So for the connection for the rears do we plug the power and ground into 1 and 2? For some reason my power isn't working to both of my rear doors. The power is correct and the ground is correct. Do I remove from pin 18 and 19 and the plug into pin 1 and 2? BTW my car is 2008


----------



## tp. (Nov 12, 2009)

yea 1 for power
2 ground

did you activate it in vagcom?

rear doors need to be activated also


----------



## jowsley0923 (Oct 13, 2008)

yeah I went to DBC tuning and got them to do it. I went back to ask them to double check. I'll check my wiring again and see what happens.


----------



## tp. (Nov 12, 2009)

u sure they activated the rears?


----------



## jds215 (Mar 24, 2011)

Ok, so i wired up the lights and coded via vcds. Fronts are not working but rears are. For anyone that has coded on a 2008, do you remember what your final values were? Stock mine read 1177 and i added 64 to get 1241. Math seems correct but not getting any light.

Ideas?


----------



## MisterJJ (Jul 28, 2005)

What are these "puddles" you speak of?


----------



## tp. (Nov 12, 2009)

did u check the legend when it pops up?


----------



## jds215 (Mar 24, 2011)

tp. said:


> did u check the legend when it pops up?


What do you mean by legend? I watched my buddy the entire time he did it....seemed to do it correctly


----------



## tp. (Nov 12, 2009)

there is a legend that pops up.

It will tell you what values to add. its like a small rectangular window


----------



## jds215 (Mar 24, 2011)

tp. said:


> there is a legend that pops up.
> 
> It will tell you what values to add. its like a small rectangular window


yes, i saw that legend and it said to add 64. I also noticed the option for interior door handle illumination too...do our cars come with this feature? i don't think i have recognized it before if we do.


----------



## neu318 (Feb 18, 2003)

jds215 said:


> yes, i saw that legend and it said to add 64. *I also noticed the option for interior door handle illumination too...do our cars come with this feature?* i don't think i have recognized it before if we do.



When the headlights are on there is a small LED inside the space where the door latch is that glows red. To my understanding these are a standard feature to our cars.


----------



## jds215 (Mar 24, 2011)

neu318 said:


> When the headlights are on there is a small LED inside the space where the door latch is that glows red. To my understanding these are a standard feature to our cars.


good deal...ill try and pay attention next time im driving at night.


----------



## tp. (Nov 12, 2009)

if all activated then it shold work. can you double check the connector see if in correct pin hole.


----------



## jds215 (Mar 24, 2011)

tp. said:


> if all activated then it shold work. can you double check the connector see if in correct pin hole.

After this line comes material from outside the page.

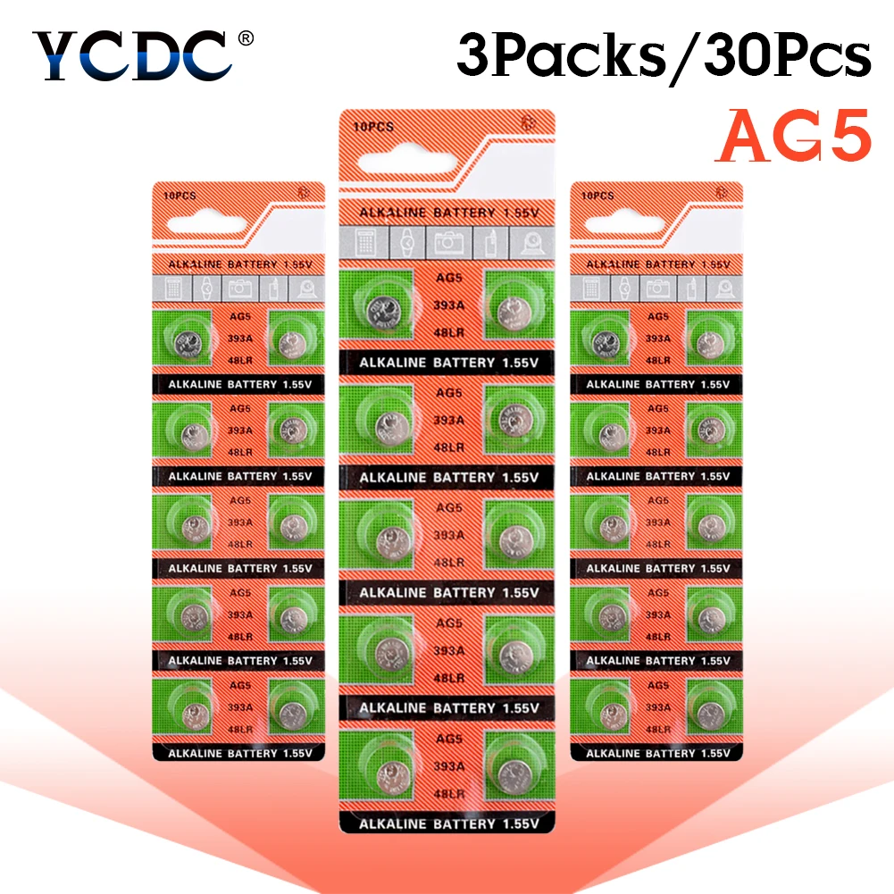 YCDC 30 штук 1,55 в AG5 монетная батарея щелочная батарея D309 D393 G5 G5A L754 LR48 LR754 RW28 SR48 кнопочные батареи для монет
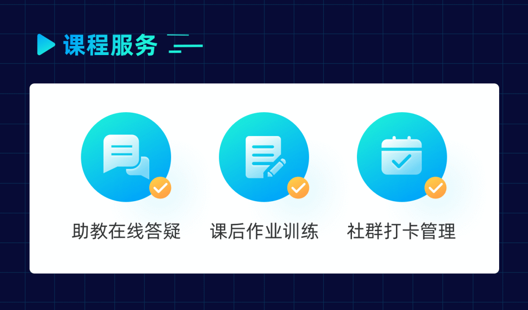 课程配备有专职班主任督促学习、群内互动交流干货分享不断、更有资深助教为大家在线答疑解惑。聚焦人工智能实战训练。

that was my plan tonight...ill report back


----------



## jds215 (Mar 24, 2011)

looks like i just needed to check my eyes...had the pins switched in the harness. All wired properly now and the fronts work. 

Thanks for all the help tp :thumbup:


----------



## neu318 (Feb 18, 2003)

jds215 said:


> looks like i just needed to check my eyes...had the pins switched in the harness. All wired properly now and the fronts work.
> 
> Thanks for all the help tp :thumbup:


 did you notice the LEDs in the door openers?


----------



## tp. (Nov 12, 2009)

jds215 said:


> looks like i just needed to check my eyes...had the pins switched in the harness. All wired properly now and the fronts work.
> 
> Thanks for all the help tp :thumbup:


 :thumbup::thumbup::thumbup: 

glad everything all worked out!


----------



## jds215 (Mar 24, 2011)

neu318 said:


> did you notice the LEDs in the door openers?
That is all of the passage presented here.